Irritable bowel syndrome.
The irritable bowel syndrome (IBS) is a condition in which the large intestine, or colon, fails to function properly. It is also known as nervous indigestion, spastic colon, mucus colitis and intestinal neurosis.
The causes of IBS are not entirely clear. There is no evidence that any structural defects of the bowl are associated with IBS, but a variety of physiological, psychological and dietary factors have been identified as possible causes.
IBS has characteristic symptoms which can include a combination of any of the following: abdominal pain and distension; more frequent bowl movements with pain, or relief of pain with bowel movements; constipation; diarrhoea; excessive production of mucus in the colon; symptoms of indigestion such as flatulence, nausea and varying degrees of anxiety or depression.
Non-Gastrointestinal features of IBS are, gynaecological symptoms (premenstrual tension, dysmenorrhoea and dyspareunia), urinary symptoms (frequency, urgency, nocturia and incomplete emptying of the bladder), back pain, headaches, fatigue, poor sleeping, etc.
Conditions which may mimic IBS.
Miscellaneous dietary factors such as excessive consumption of tea, coffee, carbonated beverages and simple sugars. Infectious enteritis such as amoebiasis and giardiasis.
Inflammatory bowel disease (Crohn’s disease and ulcerative colitis). Lactose intolerance. Laxative abuse. Intestinal Candidiasis.
Disturbed bacterial micro flora as a result of antibiotic or antacid use. Malabsorption diseases such as pancreatic insufficiency and coeliac disease.
Metabolic disorders such as adrenal insufficiency, diabetes mellitus and hyperthyroidism. Mechanical causes such as faecal impaction.
Diverticular disease. Cancer. Therapy. Increasing dietary fibre. The fibre from wheat bran should be avoided in people with IBS as wheat is among the most commonly implicated foods in malabsorptive and allergic conditions. Individuals will respond better to fibre from sources other than cereals, particularly water-soluble fibre like that found in vegetables, fruits, oat bran, guar, Psyllium and legumes (beans, peas, etc.). Food sensitivity. According to double-blind challenge methods, the majority of patients with IBS have at least one food intolerance and some have multiple intolerances.
Since in most cases the reaction appears not to be mediated by the immune system ,and hence, the elimination/challenge method is the least expensive food sensitivity detector and appears to yield the best results in patients with IBS.

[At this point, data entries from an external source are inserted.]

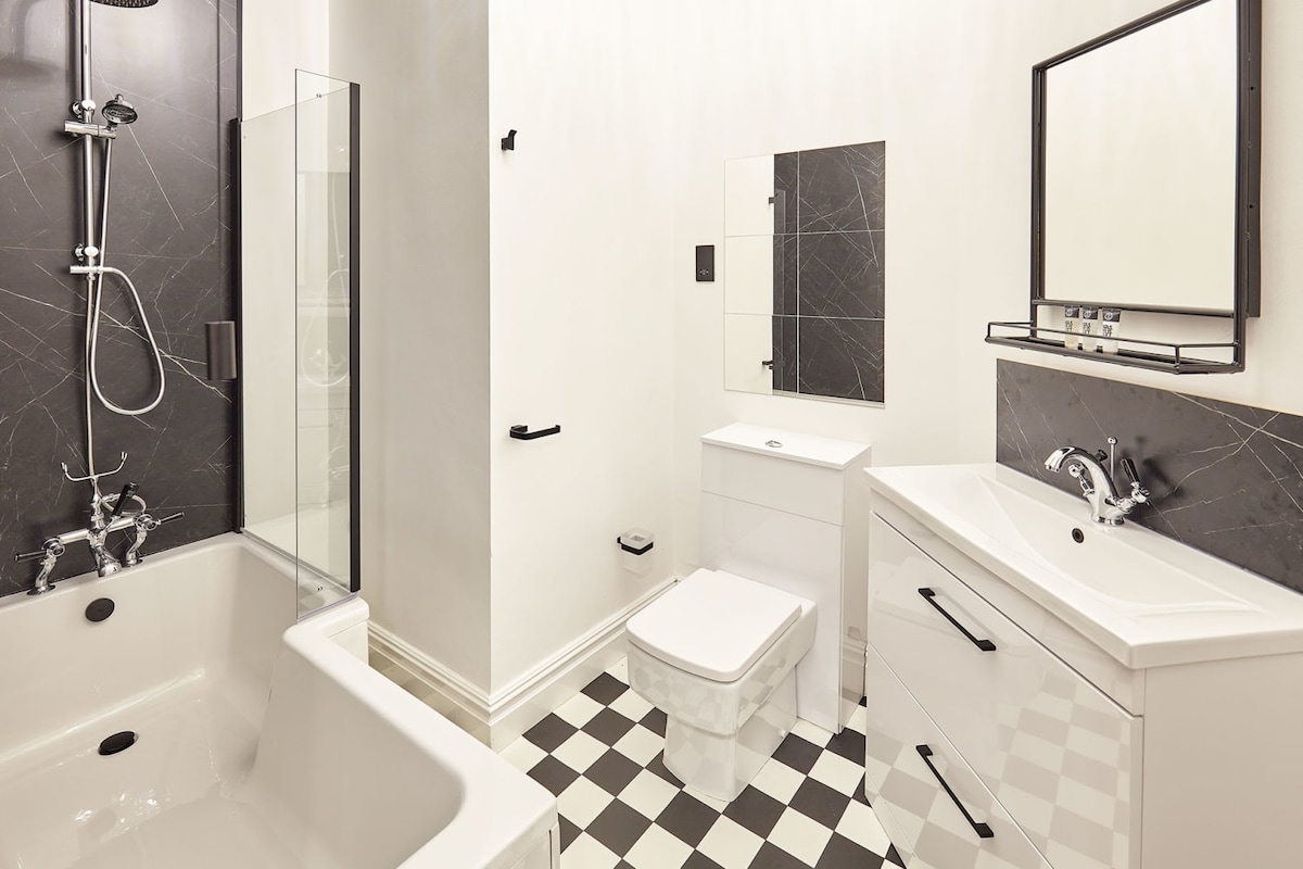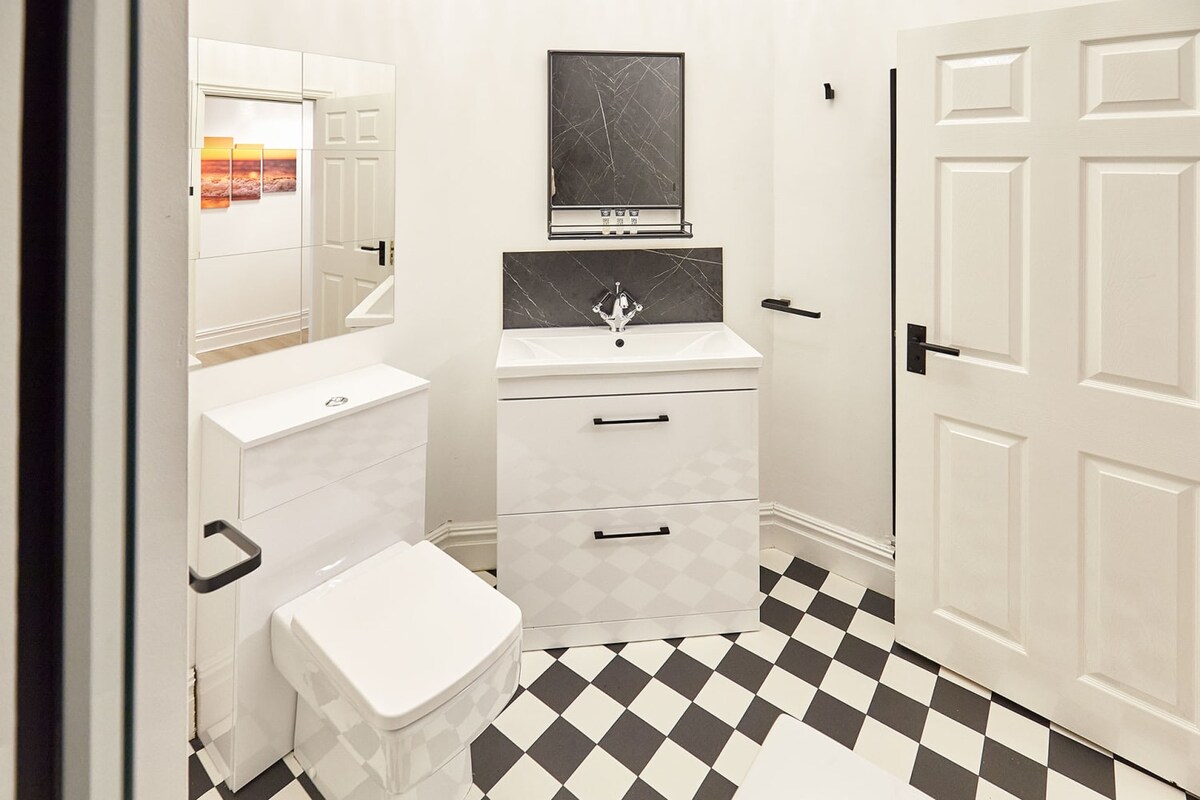 A beautiful classy apartment looking out onto the seaside. Great view of the coastline from the living room and bedroom windows, and also from the dining room window. Warm and comfortable, with all the necessary amenities. Classy apartment done out in black and white, with leather dining chairs and glass topped table. Comfortable brown sofas in the lounge with a large 65” TV, WiFi, and Virgin TV.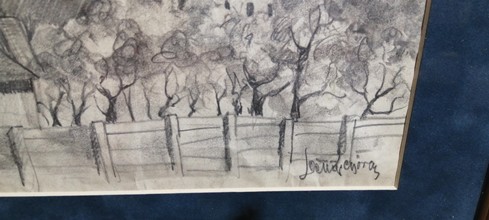 Mérete 22,5 cm* 27 cm, Technika: szén/papír, J.J.L.: olvashatatlan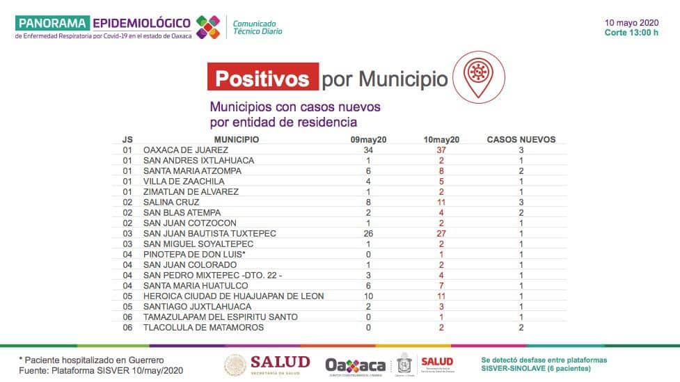 Distribución por municipios de los 25 nuevos casos positivos de COVID19 el día de hoy en Oaxaca. admin 10 mayo 2020 Post navigation Anterior Casos Covid-19 #AlmomentoSiguiente En el Día de las Madres se reportan 6 fallecimientos y 25 casos nuevos de Covid-19. Historias relacionadas Abre Salomón Jara Farmacia Bienestar en Santiago Juxtlahuaca que dará atención médica gratuita a más de 10 mil personas Abre Salomón Jara Farmacia Bienestar en Santiago Juxtlahuaca que dará atención médica gratuita a más de 10 mil personas 16 agosto 2025 IMSS-BIENESTAR RESTABLECE SERVICIOS MÉDICOS EN LA COSTA OAXAQUEÑA, TRAS EL IMPACTO DEL HURACÁN ERICK. IMSS-BIENESTAR RESTABLECE SERVICIOS MÉDICOS EN LA COSTA OAXAQUEÑA, TRAS EL IMPACTO DEL HURACÁN ERICK. 25 junio 2025 Resguarda DIF Oaxaca a familia de Zaachila para restituir derechos de tres menores de edad Resguarda DIF Oaxaca a familia de Zaachila para restituir derechos de tres menores de edad 24 mayo 2025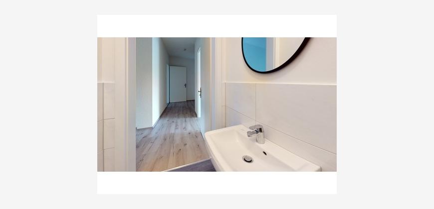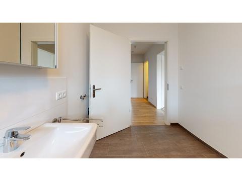 Der Waschmaschinenanschluss befindet sich in der Wohnung im Badezimmer.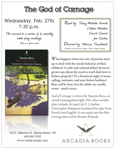 Nel 1997 e nel 1998, Yasmina Reza è stata insignita del Laurence Olivier Award e del Tony Award per la sua pièce, di grande successo, Art. Nel 2009, ha vinto due premi per Il Dio della carneficina, messo in scena per la prima volta a Zurigo nel 2006. Due anni dopo è stato rappresentato a Parigi, con Isabelle Huppert in uno dei ruoli principali. A Broadway ha raggiungo le 450 repliche, e il cast originale includeva James Gandolfini e Jeff Daniels (la pièce è stata rappresentata anche in Israele, al Beit Lessin Theatre, per la regia di Hillel Mittelpunkt). Il Dio della carneficina è stato adattato per il grande schermo nel 2011, dalla stessa Yasmina Reza e da Roman Polanski, con il titolo Carnage. Il film, per la regia di Polanski, aveva come interpreti Jodie Foster, Kate Winslet, Christoph Waltz e John C. Reilly e ha vinto un César (l’Oscar francese) per il miglior adattamento.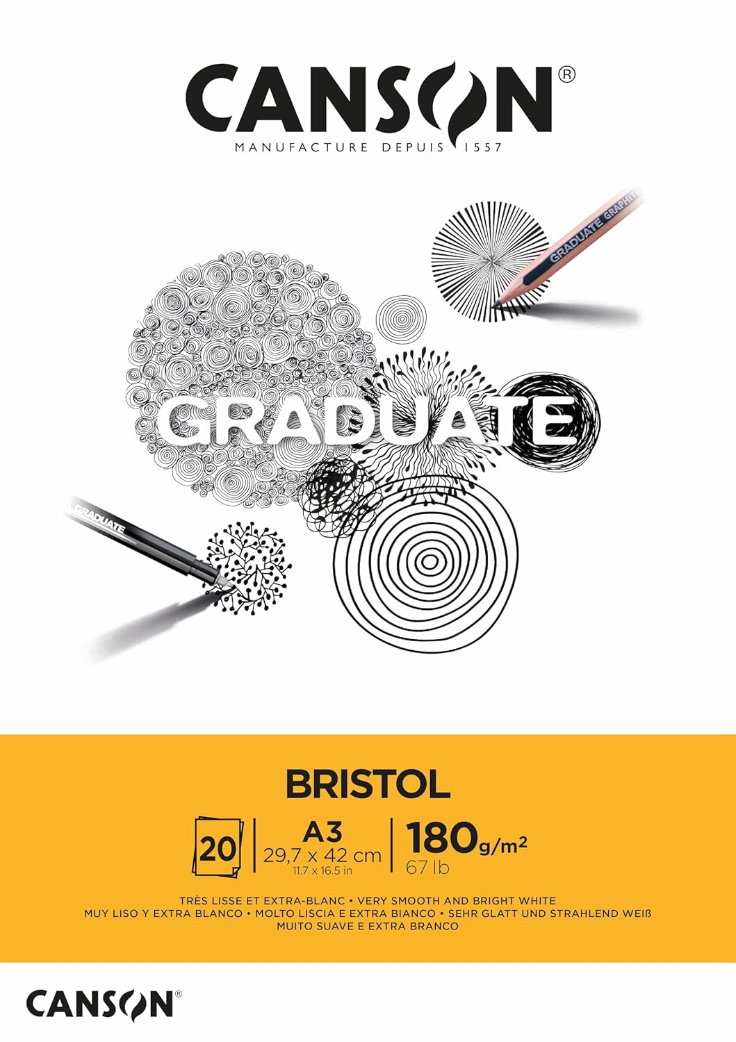 The Graduate Bristol pad is perfect to start and practice easily the technical drawing. With a extra-white and very smooth paper, it is ideal for precision drawing with pencils and felt pens or any other technique requiring a resistante smooth surface a sharp lines.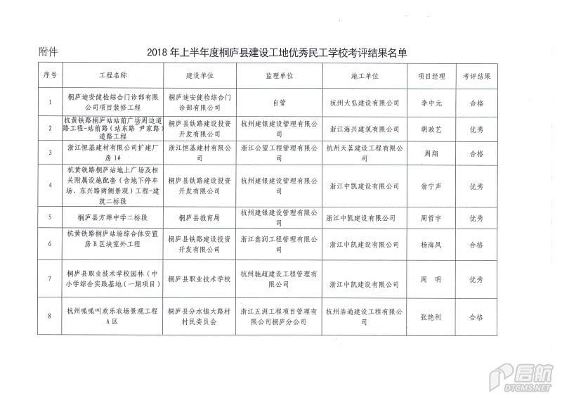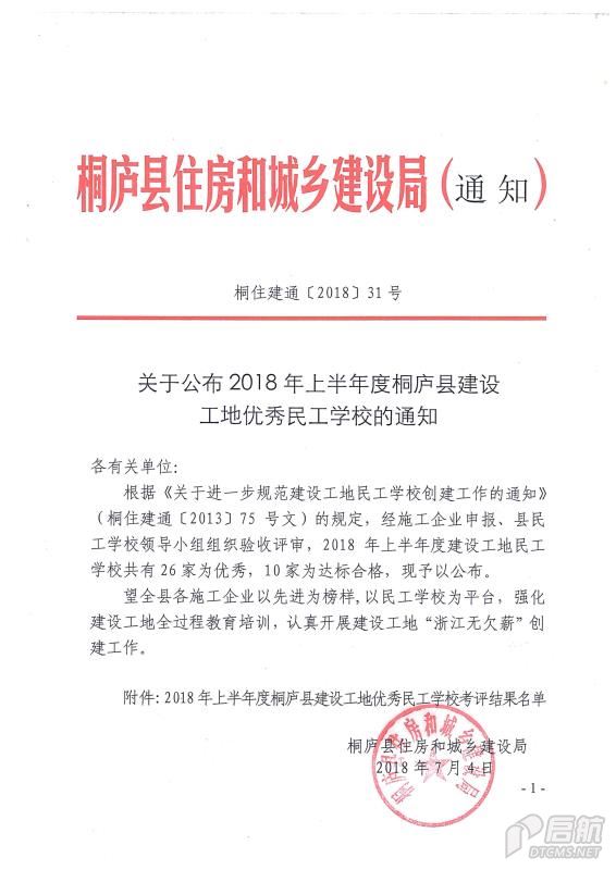 2018年上半年度桐廬縣建設工地優秀民工學校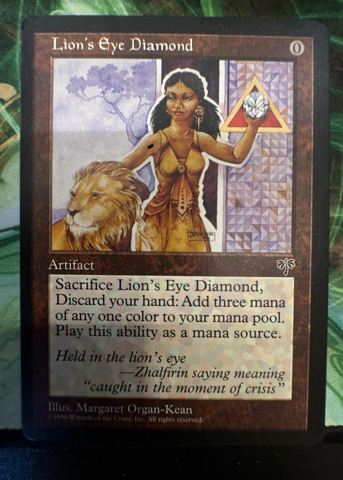 Lion's Eye Diamond from the Mirage set, illustrated by Margaret Organ-Kean. This is a highly sought-after and powerful Magic: The Gathering artifact card, often used in competitive Legacy and Vintage formats due to its combo potential, but is also prized by collectors. This non-foil, English-language version is a staple in many combo decks, and is notable for its iconic artwork and playability.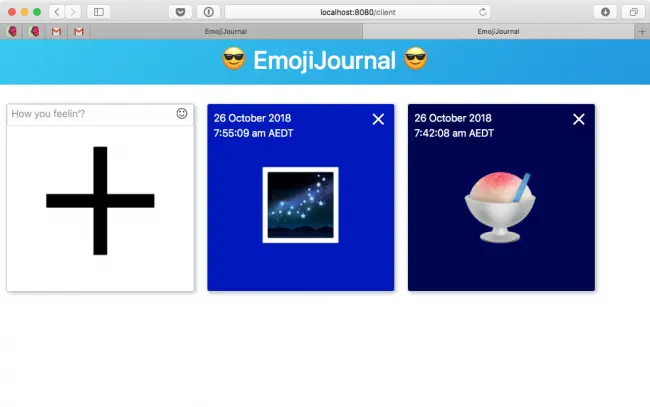 现在,为了证明在删除CouchDB容器后表情符号数据库仍然存在:在Docker run终端窗口中重新运行CouchDB命令,在EmojiJournalServer终端窗口中运行EmojiJournalServer命令,然后刷新localhost:8090 / client - 这次,你不会丢失你的表情符号!
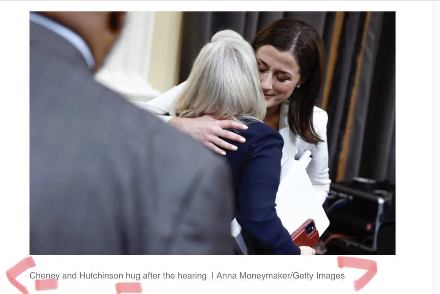Yes that's the one who saw nothing but heard about it from somebody.This is Cheney hugging the ‘star witness’ in the Capitol riot hearings. It’s Mike Marcia Clark hugging Mark Fuhrman…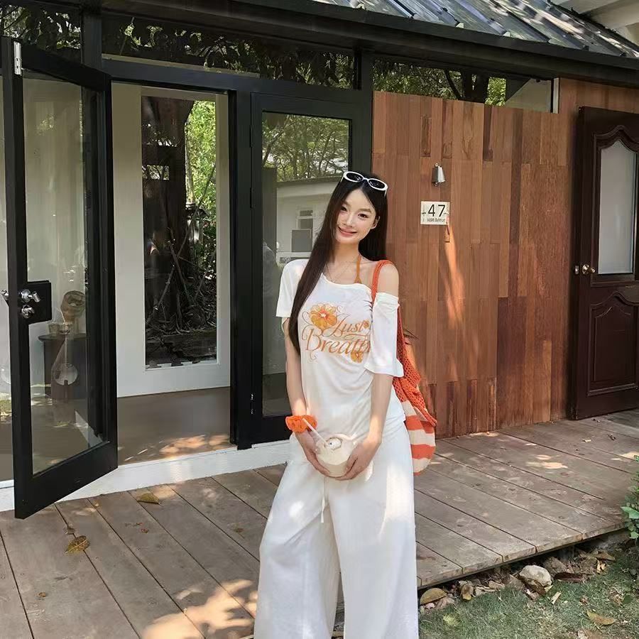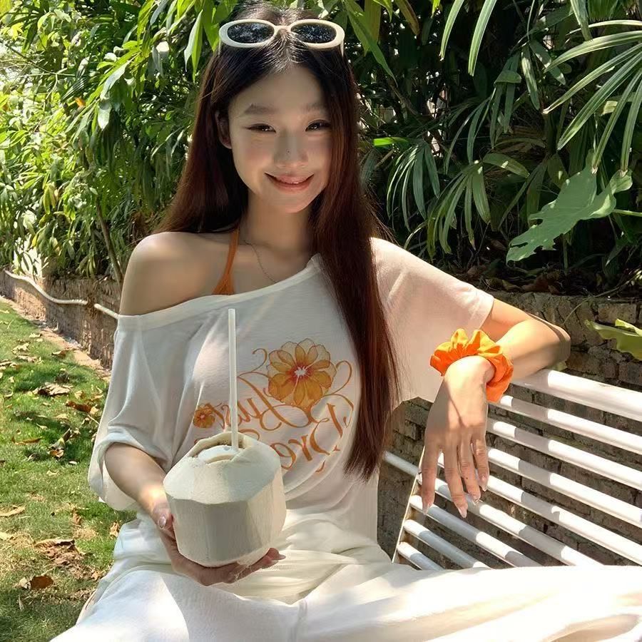 한 부서 달콤함 비스듬한 어깨 화이트 꽃무늬 프린트 반팔 티셔츠 여성 느긋한 바람 오프숄더 맨위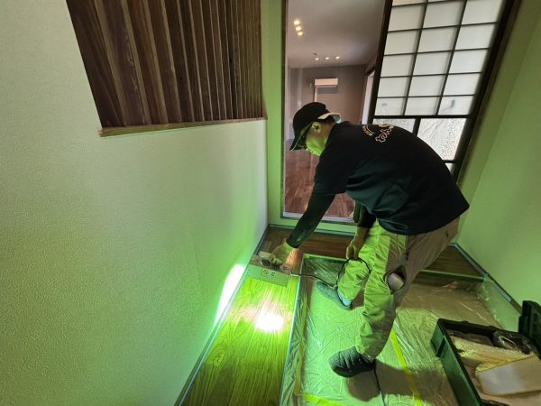今回は伊奈町中央にある新築戸建てのお宅へ、フロアコーティング(ガラスUVコーティング)の施工でお伺いしました。
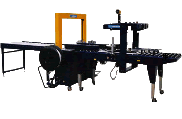 該打包機(jī)自動封箱,自動捆扎,光電感應(yīng),精確無誤,自動輸送,自動轉(zhuǎn)向,可調(diào)節(jié)打包距離。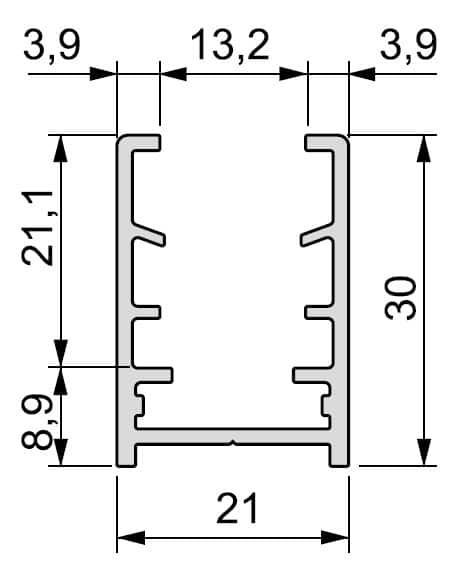 Perfil de suporte de painel, para fixação de painéis de 12-13mm a parede ou chão.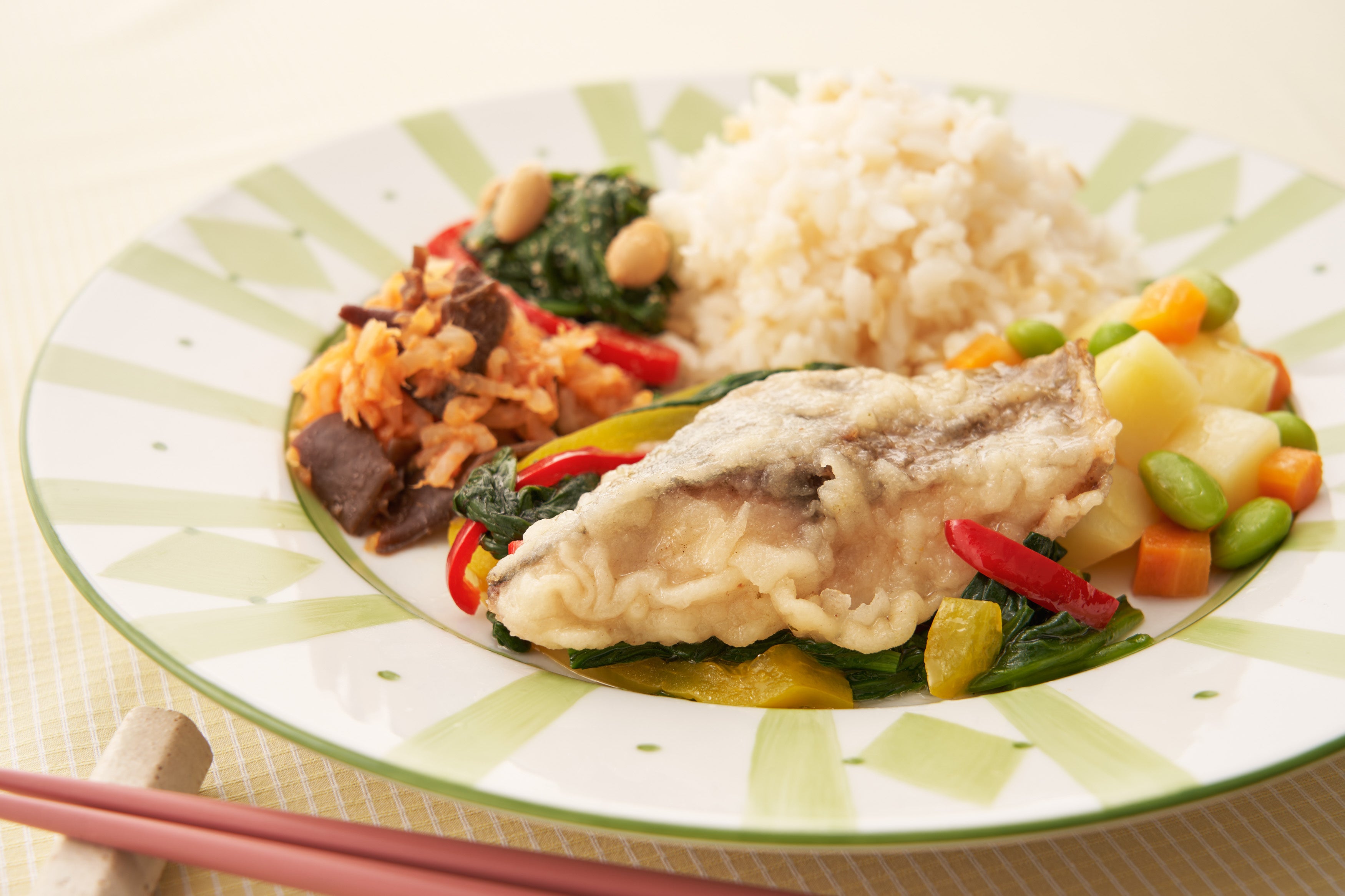 身が厚くてボリューム満点なアジに、オリジナルブレンドの衣を付けてフリットにしました。ソースにも副菜にもお野菜がふんだんに使用されているので、お魚や野菜不足の方に特におすすめしたい一品です。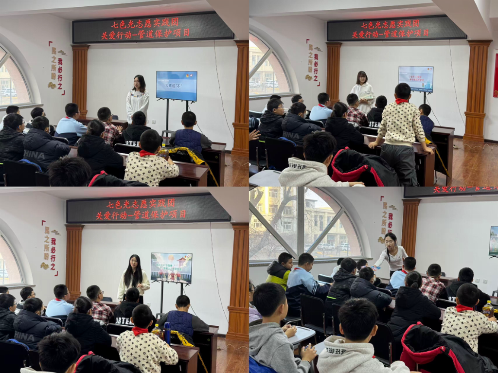 在“关爱行动-管道保护项目”主题宣讲中,志愿者们将“两弹一星”精神与管道保护知识深度融合,通过历史故事与生活化比喻,让孩子们理解守护能源管道就是守护国家安全。课堂上,志愿者们设计了管道模型拼接、知识抢答等互动环节,引导小学生识别危害管道的行为,并收集到孩子们稚嫩却坚定的管道保护承诺。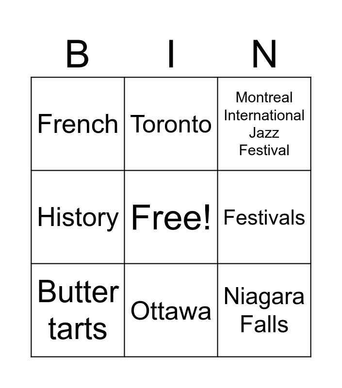 This bingo card has a free space and 30 words: Canada, France, Britain, English, French, Montreal International Jazz Festival, Butter tarts, Poutine, Maple syrup, Tourtière, Winterlude, July 1st, Finn Wolfhard, Avril Lavigne, Shawn Mendes, Brokeback Mountain, Deadpool, The Umbrella Academy, Chilling adventures of Sabrina, Niagara Falls, Parliament Hill, CN Tower, Toronto, Indigenous, Festivals, History, Cuisine, Statue of Terry Fox, Ottawa and Vancouver.

A large number of patients feel a marked improvement when following the oligoantigenic diet. It is interesting to note that many IBS patients have other symptoms suggestive of food allergy such as heart palpitation, hyperventilation, fatigue excessive sweating headaches etc. Candidiasis. Overgrowth of Candida albicans in the digestive tract favours the development of allergic and pseudo-allergic reactions, and this makes it a complicating factor in IBS. It would be advisable to bring it under control.
Psychological factors. Almost all patients with IBS complain of mental/emotional problems such as anxiety, fatigue hostile feelings, depression and sleep disturbances. Psychotherapy in the form of biofeedback or short term counselling has sometimes proved successful.
An increase in physical exercise appears helpful for IBS patients suffering from stress. Many people find that daily leisurely walks markedly reduced symptoms Probiotics, Botanical medicines and herbal antispasmodics.
There have been excellent results obtained from the use of alternative medicines, probiotics, botanical medicines and herbal antispasmodics. these however should be prescribed by a registered naturopath and not just purchased over the counter. Since the diagnosis of IBS is typically made by exclusion, a careful diagnosis is always required.